The D.A. alleges that Dr. Nkanga Nkanga of Staten Island traded prescriptions for thousands of dollars in cash, waiving physical examinations and in one instance, asking a patient "how many people are you representing today" before penning pharmacy orders for three others who were not present at the time. Nkanga allegedly reined in the quantity of pills he prescribed in July, only after learning that law enforcement was onto him.
Dr. Nadem Sayegh, operating in the Bronx and Westchester, allegedly accepted "expensive dinners, high-end whisky, cruises, and all-expense-paid trips," according to the D.A.—in addition to thousands of dollars in cash—for prescriptions he wrote to a variety of pseudonymous individuals, as well as some who were overseas or in prison; and White Plains pharmacist Marc Klein, who according to prosecutors routinely filled oxycodone prescriptions he knew to be bogus in exchange for money and vacations, admitting that "oxy pays the bills" for pharmacy employees, whom he characterized as "licensed drug dealers."
Due to a coordinated effort with our law enforcement partners, charges have been brought against 5 doctors for allegedly distributing millions of oxycodone pills.

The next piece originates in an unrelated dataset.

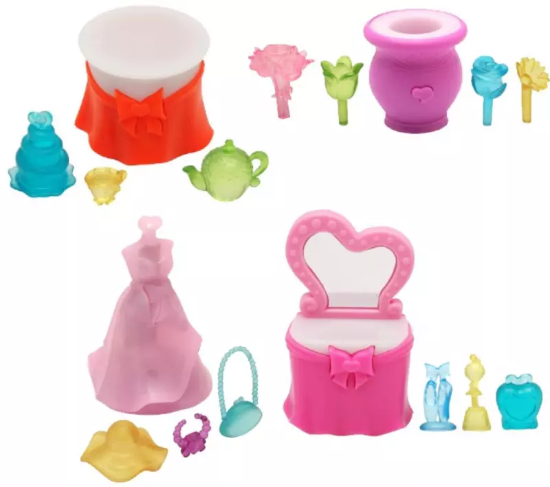 W skład zestawu wchodzi różowa toaletka z lustrem oraz trzy kolorowe dodatki: baletki, radio oraz statuetka za zajęcie pierwszego miejsca.

The charges are the result of arrests made in 6 cases aimed at cutting off the supply of diverted opioids. pic.twitter.com/mNv4O4llMQ
— NYPD NEWS (@NYPDnews) October 11, 2018
In 2017, synthetic opioids resulted in nearly 30,000 deaths nationwide, although according to the NY Times, the addition of fentanyl into drugs like cocaine and heroine may bring the fatality count up to 72,000. The nation remains mired in a long-running opioid epidemic attributable to a campaign by a pharmaceutical company that manufactured (among other things) oxycodone, heavily incentivizing prescription pain relievers and leading to their widespread overprescription.
The defendants, whom Hunt characterized as among "the worst villains in the fight against drug abuse" because their prescriptions helped drive addiction, have been variously charged with conspiracy to distribute controlled substances, conspiracy to commit health care fraud, conspiracy to commit money laundering, distribution of controlled substances, making false statements, and aggravated identity theft.